## WHAT TO WORK ON
Although the data below contains pictures, output only the lines between those holding "すこ~し前になってしまいます" and "BAG: Yellow and", inclusive, exactly and without those pictures.

(Records excerpted from a collection)
· · · · · · ·

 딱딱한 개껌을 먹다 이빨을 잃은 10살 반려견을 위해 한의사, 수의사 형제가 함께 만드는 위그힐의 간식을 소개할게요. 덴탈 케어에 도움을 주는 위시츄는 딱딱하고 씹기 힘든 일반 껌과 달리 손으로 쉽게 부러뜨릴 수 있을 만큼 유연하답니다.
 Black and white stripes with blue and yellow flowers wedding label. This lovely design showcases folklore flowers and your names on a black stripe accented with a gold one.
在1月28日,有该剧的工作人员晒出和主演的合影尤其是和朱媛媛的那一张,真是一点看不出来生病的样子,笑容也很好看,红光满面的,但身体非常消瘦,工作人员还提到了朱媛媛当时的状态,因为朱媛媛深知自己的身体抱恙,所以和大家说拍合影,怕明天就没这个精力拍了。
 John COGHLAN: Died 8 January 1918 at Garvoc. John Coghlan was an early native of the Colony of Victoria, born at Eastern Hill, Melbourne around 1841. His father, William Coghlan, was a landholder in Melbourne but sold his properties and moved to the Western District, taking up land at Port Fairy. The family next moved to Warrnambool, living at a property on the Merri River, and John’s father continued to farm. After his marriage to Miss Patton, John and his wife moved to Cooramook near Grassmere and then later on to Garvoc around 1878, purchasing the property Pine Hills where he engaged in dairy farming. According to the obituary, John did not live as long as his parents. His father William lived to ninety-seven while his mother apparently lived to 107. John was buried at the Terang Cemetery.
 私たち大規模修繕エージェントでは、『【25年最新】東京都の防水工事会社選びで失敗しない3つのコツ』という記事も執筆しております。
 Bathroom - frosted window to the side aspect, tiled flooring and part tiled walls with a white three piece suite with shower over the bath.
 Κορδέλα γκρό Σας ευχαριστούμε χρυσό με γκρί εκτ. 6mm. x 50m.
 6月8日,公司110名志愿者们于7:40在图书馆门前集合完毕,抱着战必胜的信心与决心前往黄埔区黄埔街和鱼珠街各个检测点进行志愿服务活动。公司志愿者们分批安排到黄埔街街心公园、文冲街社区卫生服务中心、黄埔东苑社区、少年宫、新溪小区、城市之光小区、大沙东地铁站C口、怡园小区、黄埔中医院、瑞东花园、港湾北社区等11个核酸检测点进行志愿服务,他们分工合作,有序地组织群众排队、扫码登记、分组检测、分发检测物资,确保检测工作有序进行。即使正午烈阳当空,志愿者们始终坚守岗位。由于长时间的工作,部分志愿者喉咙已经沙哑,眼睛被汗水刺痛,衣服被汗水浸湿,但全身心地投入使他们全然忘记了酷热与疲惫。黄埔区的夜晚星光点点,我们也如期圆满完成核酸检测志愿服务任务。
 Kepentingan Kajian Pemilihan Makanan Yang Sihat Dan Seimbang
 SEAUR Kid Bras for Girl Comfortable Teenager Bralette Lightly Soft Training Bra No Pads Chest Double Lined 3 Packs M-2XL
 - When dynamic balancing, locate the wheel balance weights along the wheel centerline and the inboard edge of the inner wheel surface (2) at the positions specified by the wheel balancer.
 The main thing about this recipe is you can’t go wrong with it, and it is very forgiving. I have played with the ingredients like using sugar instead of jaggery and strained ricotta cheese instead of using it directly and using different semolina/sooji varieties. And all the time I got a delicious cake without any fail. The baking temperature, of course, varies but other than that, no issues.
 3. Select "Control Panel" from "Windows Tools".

· · · · · · ·

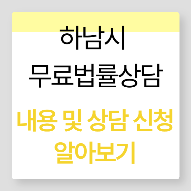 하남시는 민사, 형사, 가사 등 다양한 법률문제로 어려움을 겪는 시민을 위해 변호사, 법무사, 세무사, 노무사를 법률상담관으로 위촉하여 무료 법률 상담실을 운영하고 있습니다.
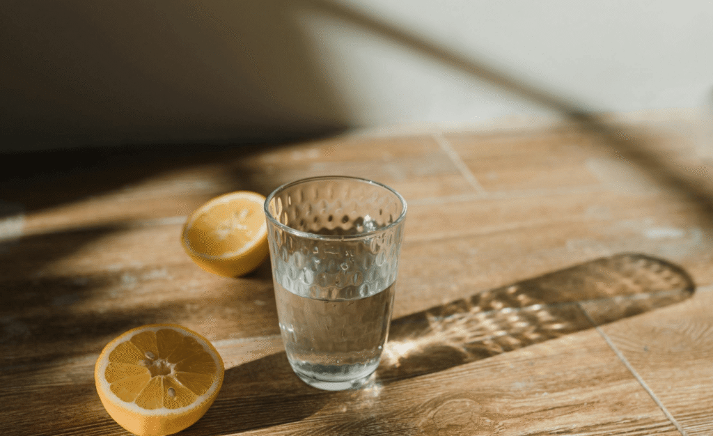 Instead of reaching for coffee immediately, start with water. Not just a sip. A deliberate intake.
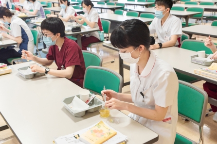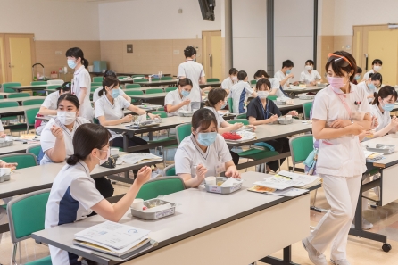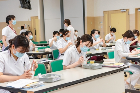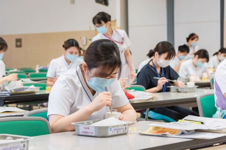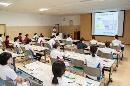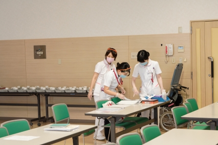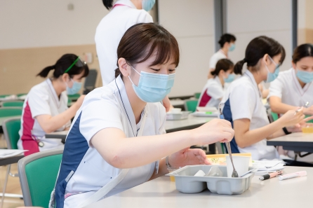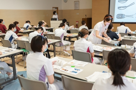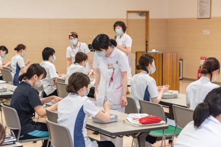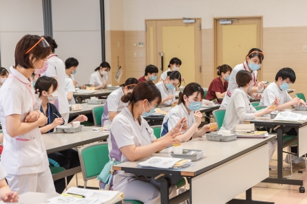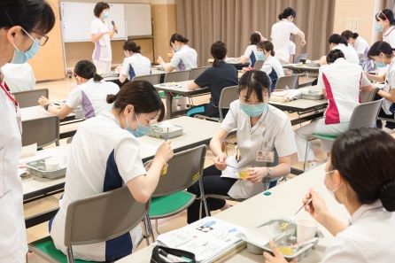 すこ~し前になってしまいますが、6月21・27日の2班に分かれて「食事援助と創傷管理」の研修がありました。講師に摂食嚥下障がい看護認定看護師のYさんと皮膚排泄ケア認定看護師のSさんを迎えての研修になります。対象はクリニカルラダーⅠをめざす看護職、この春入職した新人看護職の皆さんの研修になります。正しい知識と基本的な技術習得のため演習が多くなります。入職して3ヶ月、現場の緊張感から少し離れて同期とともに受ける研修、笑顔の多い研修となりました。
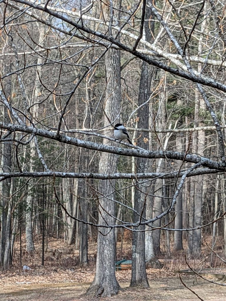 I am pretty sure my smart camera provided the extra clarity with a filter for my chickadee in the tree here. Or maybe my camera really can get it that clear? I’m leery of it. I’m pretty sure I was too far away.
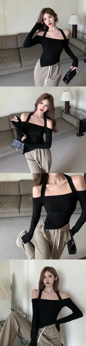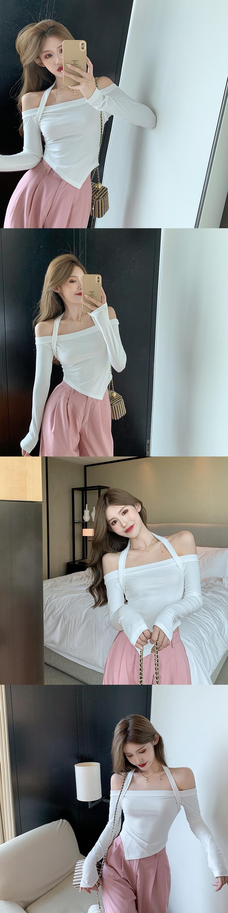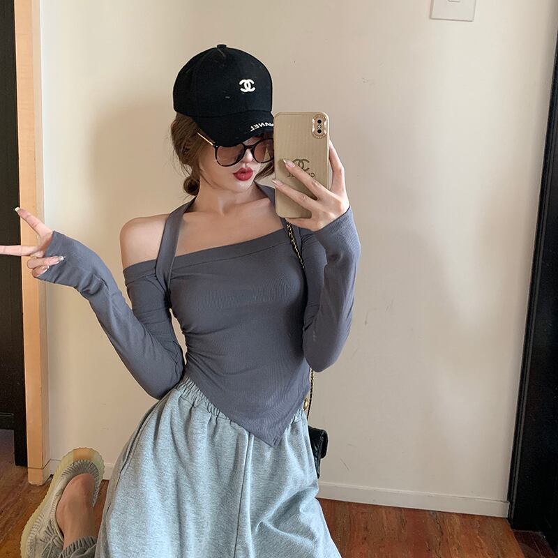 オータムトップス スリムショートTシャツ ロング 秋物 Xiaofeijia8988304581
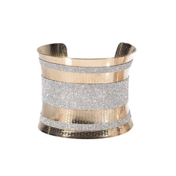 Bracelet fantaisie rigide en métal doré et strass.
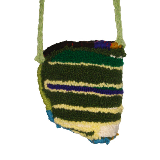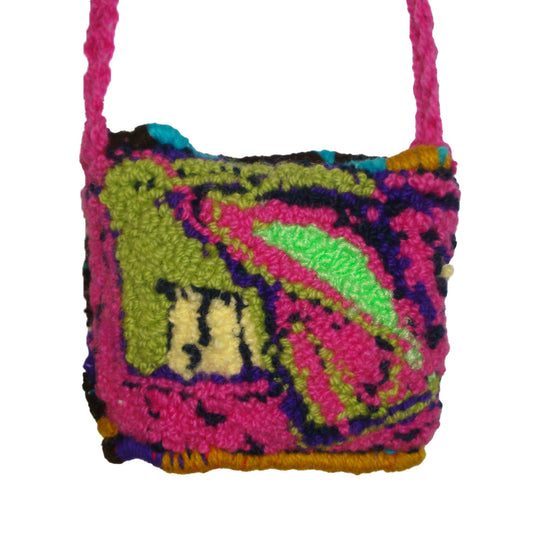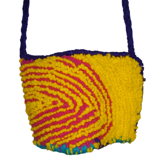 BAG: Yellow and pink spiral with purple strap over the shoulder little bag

· · · · · · ·

## PROBLEM SOLUTION
 すこ~し前になってしまいますが、6月21・27日の2班に分かれて「食事援助と創傷管理」の研修がありました。講師に摂食嚥下障がい看護認定看護師のYさんと皮膚排泄ケア認定看護師のSさんを迎えての研修になります。対象はクリニカルラダーⅠをめざす看護職、この春入職した新人看護職の皆さんの研修になります。正しい知識と基本的な技術習得のため演習が多くなります。入職して3ヶ月、現場の緊張感から少し離れて同期とともに受ける研修、笑顔の多い研修となりました。
 I am pretty sure my smart camera provided the extra clarity with a filter for my chickadee in the tree here. Or maybe my camera really can get it that clear? I’m leery of it. I’m pretty sure I was too far away.
 オータムトップス スリムショートTシャツ ロング 秋物 Xiaofeijia8988304581
 Bracelet fantaisie rigide en métal doré et strass.
 BAG: Yellow and pink spiral with purple strap over the shoulder little bag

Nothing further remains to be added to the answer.